Given records: Begin

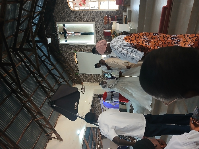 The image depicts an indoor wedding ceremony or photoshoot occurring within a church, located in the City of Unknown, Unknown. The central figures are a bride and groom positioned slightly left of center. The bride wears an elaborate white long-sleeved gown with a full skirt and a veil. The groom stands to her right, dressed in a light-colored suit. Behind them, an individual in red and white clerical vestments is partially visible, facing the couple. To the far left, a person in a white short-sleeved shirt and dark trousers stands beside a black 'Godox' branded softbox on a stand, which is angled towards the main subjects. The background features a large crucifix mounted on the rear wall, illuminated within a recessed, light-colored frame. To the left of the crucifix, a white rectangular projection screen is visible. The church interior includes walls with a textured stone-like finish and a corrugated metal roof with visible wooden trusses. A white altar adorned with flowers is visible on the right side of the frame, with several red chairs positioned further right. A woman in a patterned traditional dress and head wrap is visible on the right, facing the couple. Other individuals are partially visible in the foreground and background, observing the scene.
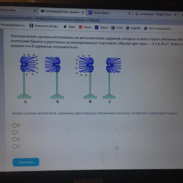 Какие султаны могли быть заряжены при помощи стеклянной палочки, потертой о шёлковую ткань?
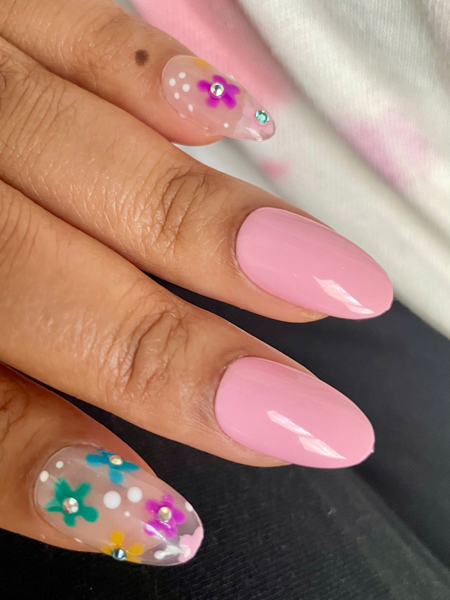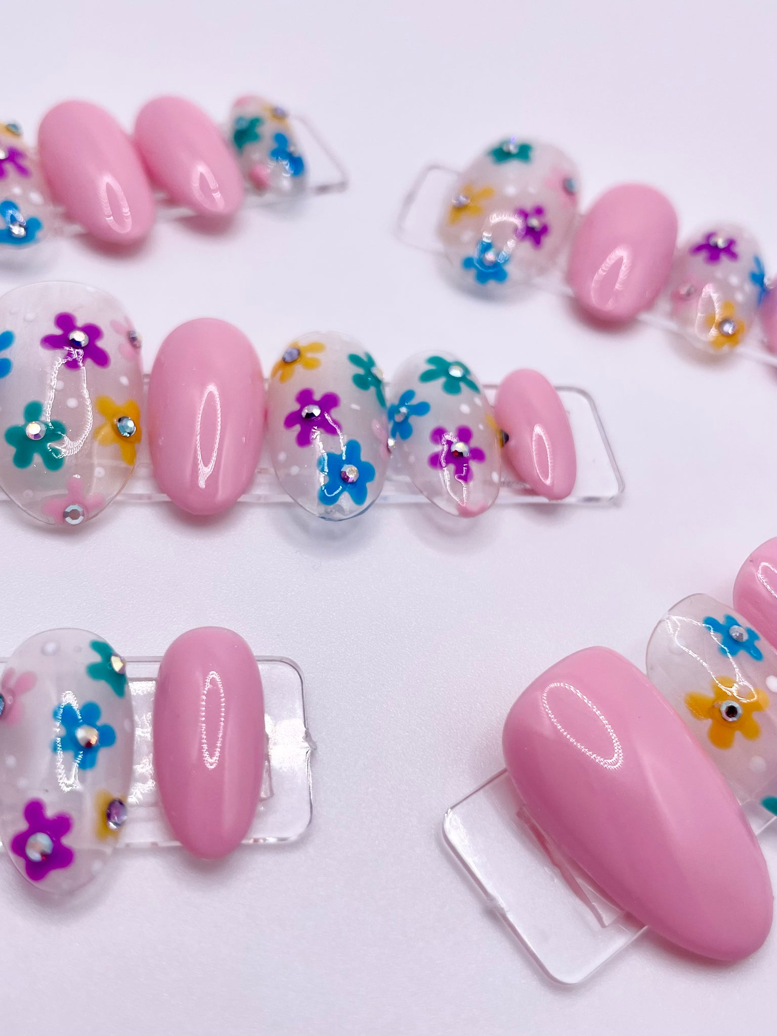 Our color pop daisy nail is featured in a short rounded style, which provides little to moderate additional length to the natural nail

Given records: End
Given records: Begin

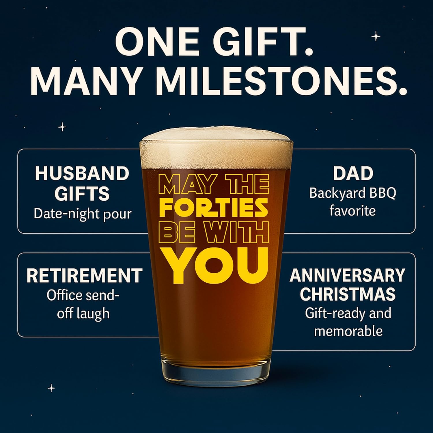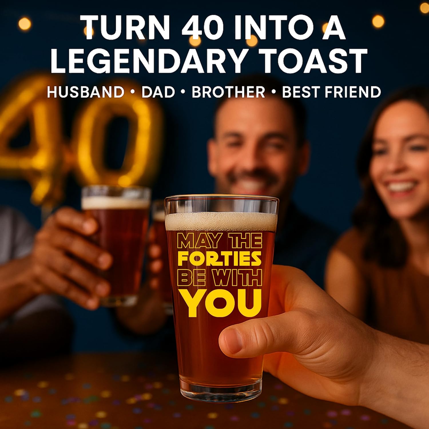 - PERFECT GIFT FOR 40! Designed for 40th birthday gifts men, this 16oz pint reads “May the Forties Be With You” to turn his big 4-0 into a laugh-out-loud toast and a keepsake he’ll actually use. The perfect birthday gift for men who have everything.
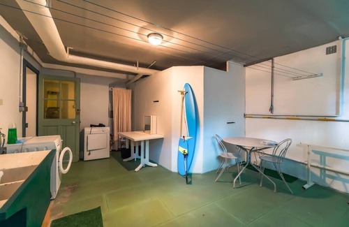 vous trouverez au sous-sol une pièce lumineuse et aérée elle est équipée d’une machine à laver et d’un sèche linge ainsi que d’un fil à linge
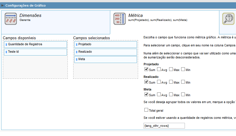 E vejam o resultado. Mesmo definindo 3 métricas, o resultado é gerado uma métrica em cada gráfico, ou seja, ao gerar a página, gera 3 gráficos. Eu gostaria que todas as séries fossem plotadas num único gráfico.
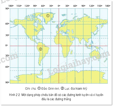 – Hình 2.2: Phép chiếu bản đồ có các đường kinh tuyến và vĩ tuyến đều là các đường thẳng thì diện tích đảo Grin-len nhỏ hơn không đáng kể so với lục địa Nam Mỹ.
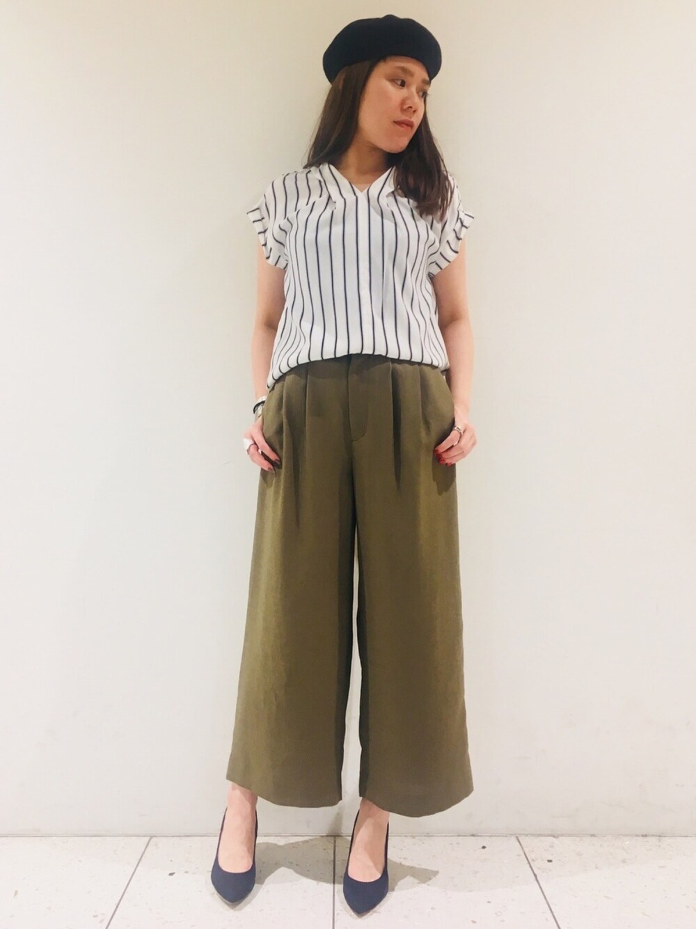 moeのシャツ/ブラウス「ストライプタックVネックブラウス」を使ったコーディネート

Given records: End

**Task brief**.
Every line above from the one with "vous trouverez au" down to the one with "moeのシャツ/ブラウス「ス" must be written out exactly, and no picture may appear.

**Reply**.
 vous trouverez au sous-sol une pièce lumineuse et aérée elle est équipée d’une machine à laver et d’un sèche linge ainsi que d’un fil à linge
 E vejam o resultado. Mesmo definindo 3 métricas, o resultado é gerado uma métrica em cada gráfico, ou seja, ao gerar a página, gera 3 gráficos. Eu gostaria que todas as séries fossem plotadas num único gráfico.
 – Hình 2.2: Phép chiếu bản đồ có các đường kinh tuyến và vĩ tuyến đều là các đường thẳng thì diện tích đảo Grin-len nhỏ hơn không đáng kể so với lục địa Nam Mỹ.
 moeのシャツ/ブラウス「ストライプタックVネックブラウス」を使ったコーディネート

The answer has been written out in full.